GradientBoostingClassifier(criterion='friedman_mse', init=None,
                           learning_rate=0.1, loss='deviance', max_depth=3,
                           max_features=None, max_leaf_nodes=None,
                           min_impurity_decrease=0.0, min_impurity_split=None,
                           min_samples_leaf=1, min_samples_split=2,
                           min_weight_fraction_leaf=0.0, n_estimators=100,
                           n_iter_no_change=None, presort='auto',
                           random_state=None, subsample=1.0, tol=0.0001,
                           validation_fraction=0.1, verbose=0,
                           warm_start=False)

In [6]:
# 在預設超參數下之精準率
y_pred = gbc.predict(X_test)
print('The Accuarcy of Unadjusted Hyper-Parameters:', metrics.accuracy_score(y_test, y_pred))
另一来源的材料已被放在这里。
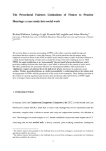 The Procedural Fairness Limitations of Fitness to Practise Hearings: a case study into social work.
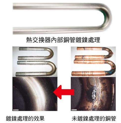 - 銅管的大小, 長度, 材質種類與型式設計不同; 入氣溫度越低的機型, 相同材質型式與尺寸的銅管數量會越少, 所以成本會越低. 有的可能會選用內螺紋增加接觸面積的海軍銅較高材質的銅管來增加熱交換量並減少尺寸數量.
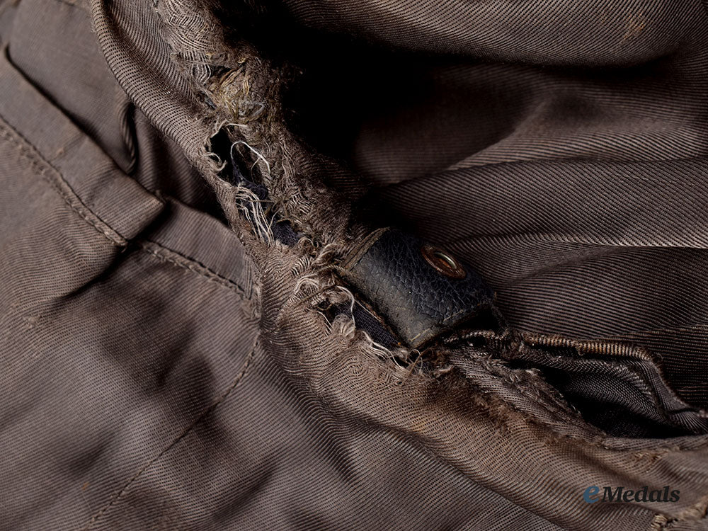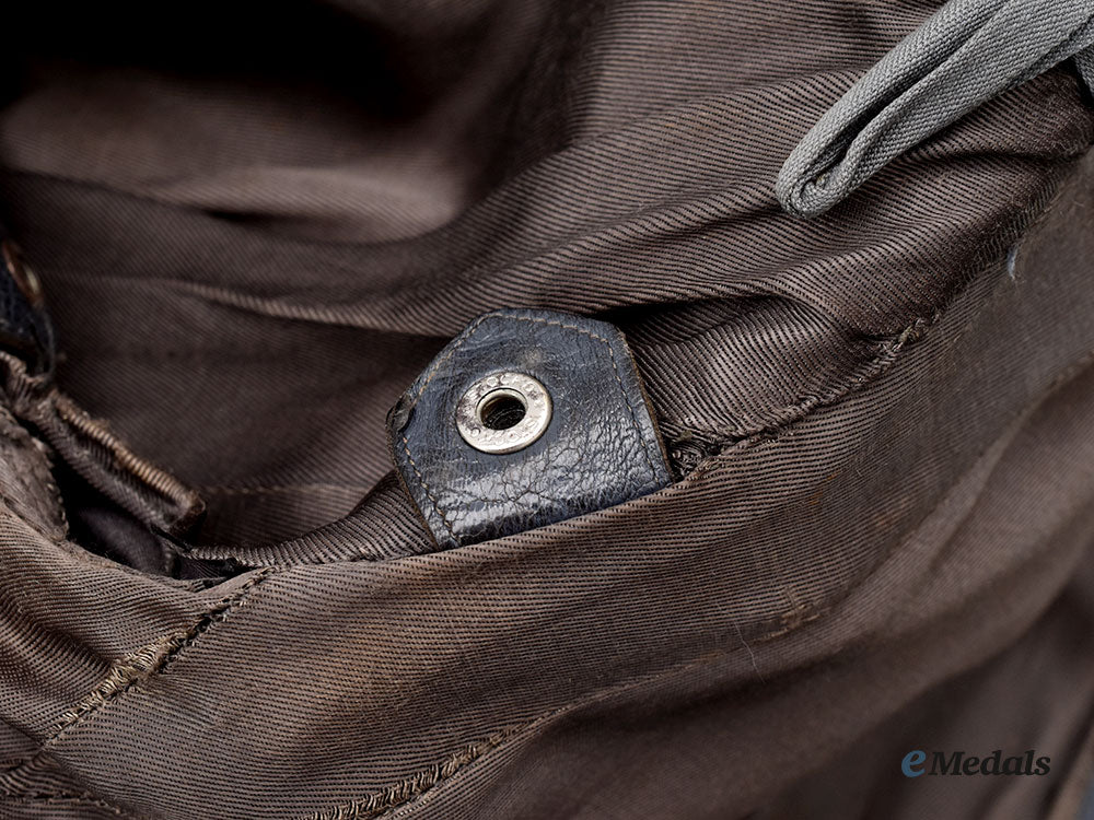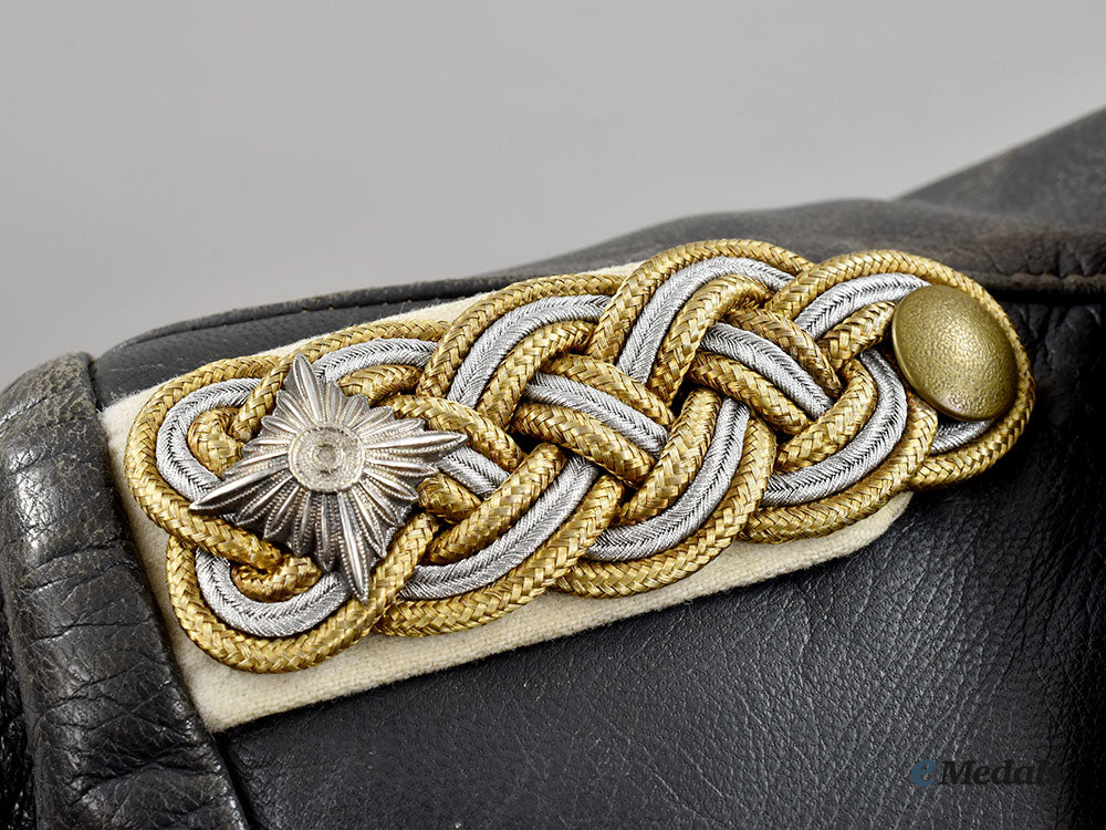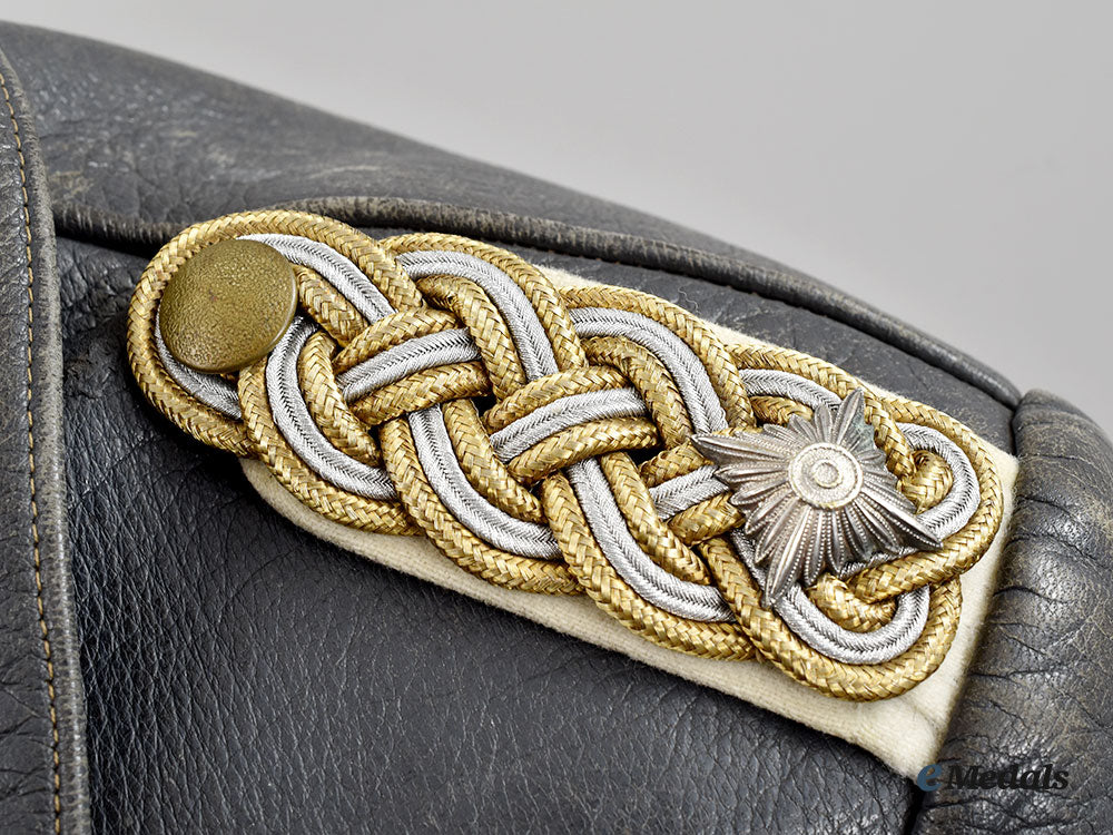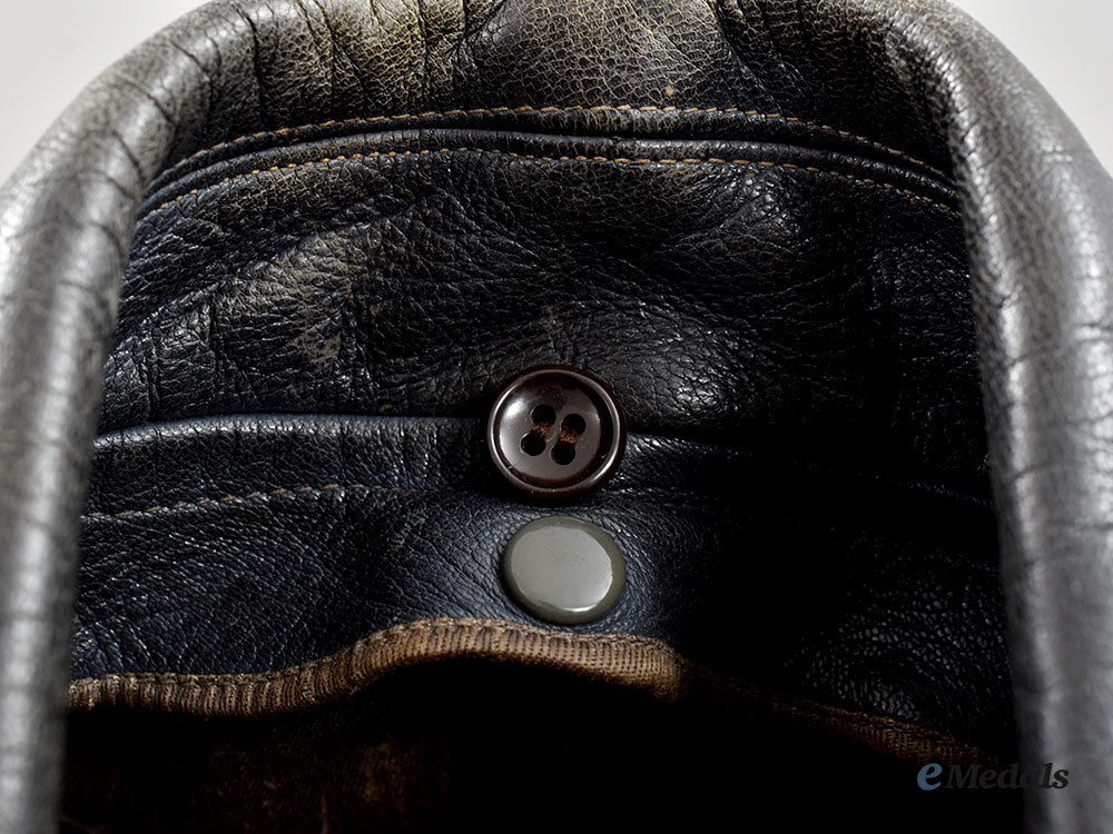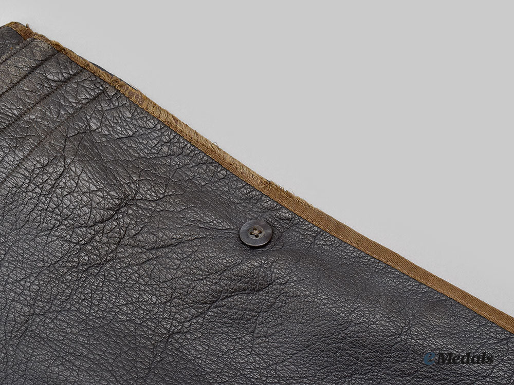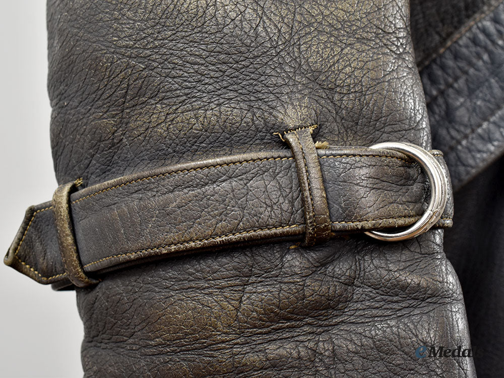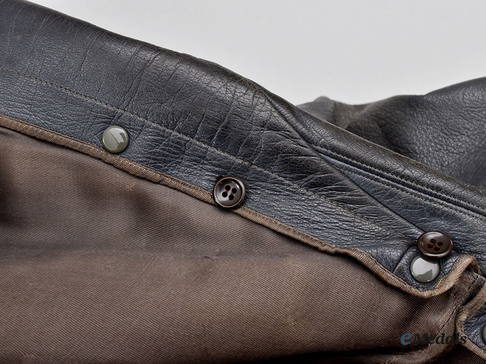 (Luftwaffe Generalleutnant Ledermantel). A well preserved Luftwaffe Generalleutnant greatcoat, constructed of multiple pieces of heavy grey leather with machine stitched reinforcements along the seams. It features a large turned-down collar that transitions into double breast flaps, with the reverse of the collar featuring the addition of a leather strap with snap-buttons to allow for closing of the collar during adverse weather conditions. The collar is flanked on either side with Luftwaffe Generalleutnant shoulder boards, sewn to the shoulder on one side and fastened to the coat via a nonmagnetic pebbled button, constructed of a cardstock core with a white wool exterior, topped by a single band of knotted silver aluminum wire piping, interwoven with two brands of gold bullion wire piping, and pinned with a single silvered pip, measuring 44 mm (w) x 100 mm (l). Hidden underneath the left breast flap is a 20 cm long zipper that allows access to a deep interior pocket. Each cuff features the addition of a leather strap with metal keepers to adjust the size of the cuff opening. At waist height on either side of the coat is a deep softly lined pocket secured by a flap without buttons, with the addition of two exterior belt loops for the accompanying belt. Each side of the coat opening features eight snap buttons, each marked “Stocko”, with the interior of the coat completely lined in grey rayon, including the sleeves. The interior also has one breast pocket per side, along with an additional pocket hidden on the bottom right flap of the coat. It measures approximately 43 cm across the shoulders (seam to seam), with a sleeve length of 66 cm, and an overall length of 133 cm. This overcoat is in worn condition, with fatigue in the leather throughout, some field repairs, in overall very fine condition.
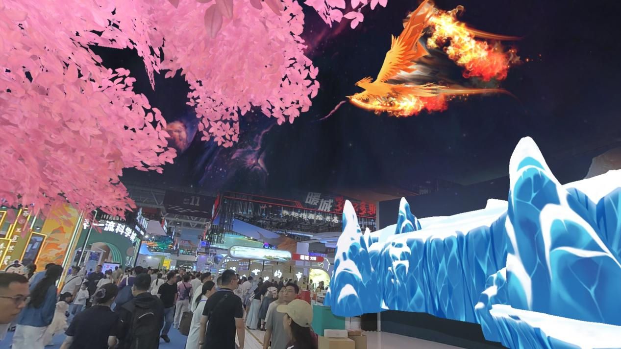 在科技文化展區(qū),實現(xiàn)大空間自由交互的MR項目《黑暗創(chuàng)世紀(jì)》在400平米空間內(nèi)構(gòu)建出可自由探索的“創(chuàng)世紀(jì)”史詩場景,首次為參展游客帶來前所未有的“身臨其境”文化體驗。
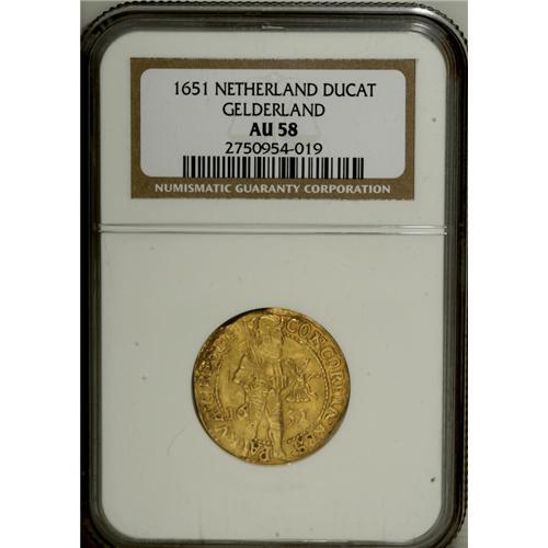 <B>Gelderland. Gold Ducat 1651,</B></I> F-237, KM5, AU58 NGC. Weakly struck with a wavy flan and ragged edge.<BR><BR><b>Shipping:</b> Coin/Currency (<a target="_blank" href="http://www.heritageauctions.com/common/shipping.php">view shipping information</a>)
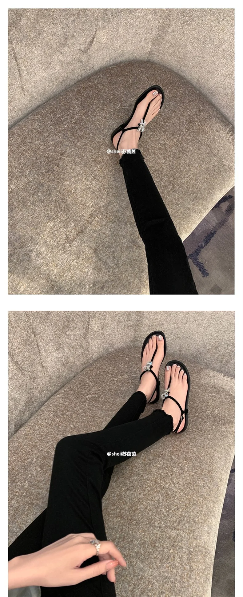 LIZAKOSHT  -  Women Concise Elegant Leisure Bow Crystal Sandals Round Toe Flat Heels Med Heels Leather Sandals Back Strap Black Shoes
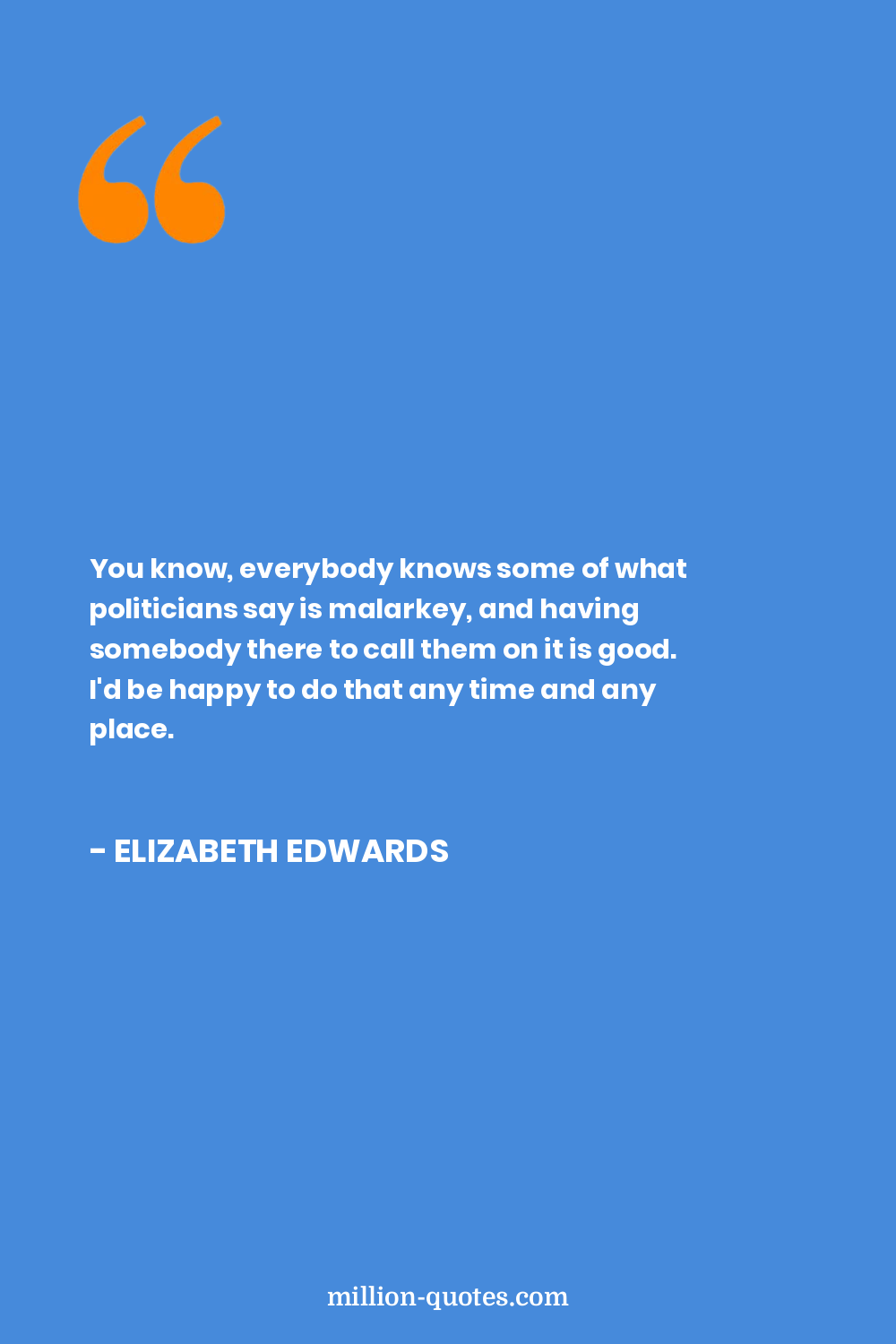 You know, everybody knows some of what politicians say is malarkey, and having somebody there to call them on it is good. I'd be happy to do that any time and any place.
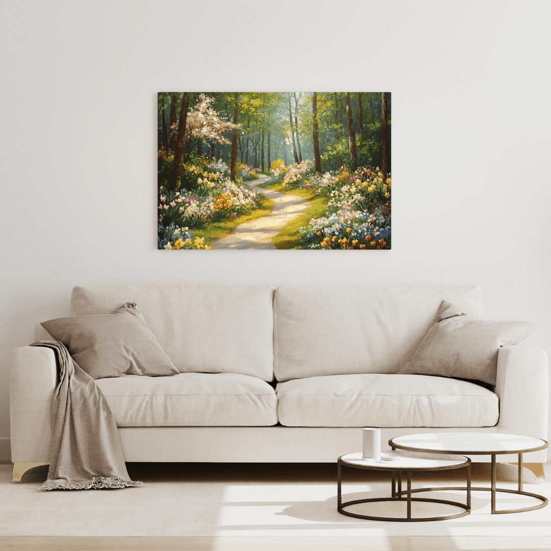 Whether you're looking to add a touch of nature to your living room or create a calming retreat in your bedroom, this stunning nature wall art makes a perfect addition. Embrace the tranquil charm of spring in your space with this beautiful forest canvas print.
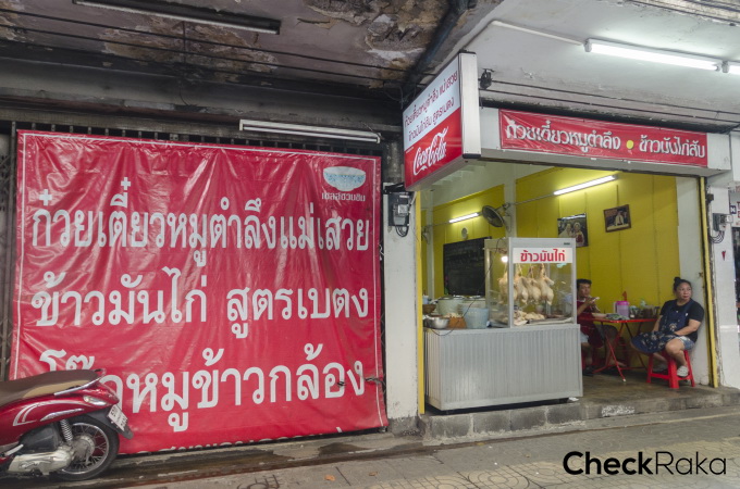 เลยไปหน่อยก็มีร้านก๋วยเตี๋ยวหมูตำลึง ข้าวมันไก่ โจ๊กหมู ป้ายแดงสดใส
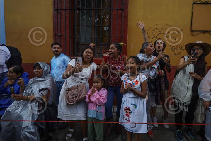 OAXACA DE JUÁREZ, OAXACA, 19JULIO2025.- Gran algarabia y colorido se vivieron en las calles de la capital de Oaxaca con el primer desfile de delegaciones que participarán en las dos presentaciones del Lunes del Cerro como parte de las fiestas de Guelaguetza. 29 delegaciones de las 8 regiones del estado dieron muestra de su cultura, baile, música y tradiciones invitando a vivir la Guelaguetza. FOTO: CAROLINA JIMÉNEZ/CUARTOSCURO.COM

The Accuarcy of Unadjusted Hyper-Parameters: 0.9666666666666667


In [12]:
# 設定超參數組合範圍
import numpy as np
learning_rate = list(np.arange(0.05,0.2,0.05))
n_estimators = [40,70,150,200]
max_features = ['auto','sqrt','log2']

hyperpararmeters = {'learning_rate':learning_rate, 'n_estimators':n_estimators, 'max_features': max_features}

In [13]:
# 利用cross-validation進行Grid Search
gridCV = GridSearchCV(gbc, param_grid=hyperpararmeters, cv=5, n_jobs=4)

# 執行5折交叉驗證Grid Search
gridCV.fit(X_train, y_train)

# 找出最佳的超參數組合值
best_learning_rate = gridCV.best_params_['learning_rate']
best_n_estimators = gridCV.best_params_['n_estimators']
best_max_features = gridCV.best_params_['max_features']

# 輸出最佳超參數值
print('Best learning rate:', best_learning_rate)
print('Best n_estimators:', best_n_estimators)
print('Best max_features:', best_max_features)

Best learning rate: 0.2
Best n_estimators: 150
Best max_features: log2


In [14]:
# 使用最佳參數重新訓練模型
gbc_best = GradientBoostingClassifier(learning_rate=best_learning_rate, n_estimators=best_n_estimators, max_features=best_max_features)
gbc_best.fit(X_train, y_train)

GradientBoostingClassifier(criterion='friedman_mse', init=None,
                           learning_rate=0.2, loss='deviance', max_depth=3,
                           max_features='log2', max_leaf_nodes=None,
                           min_impurity_decrease=0.0, min_impurity_split=None,
                           min_samples_leaf=1, min_samples_split=2,
                           min_weight_fraction_leaf=0.0, n_estimators=150,
                           n_iter_no_change=None, presort='auto',
                           random_state=None, subsample=1.0, tol=0.0001,
                           validation_fraction=0.1, verbose=0,
                           warm_start=False)

In [15]:
# 預測測試集
y_pred = gbc_best.predict(X_test)

# 調整超參數後之準確率
print('The Accuracy of adjusted Hyper-Parameters:', metrics.accuracy_score(y_test, y_pred))

The Accuracy of adjusted Hyper-Parameters: 0.975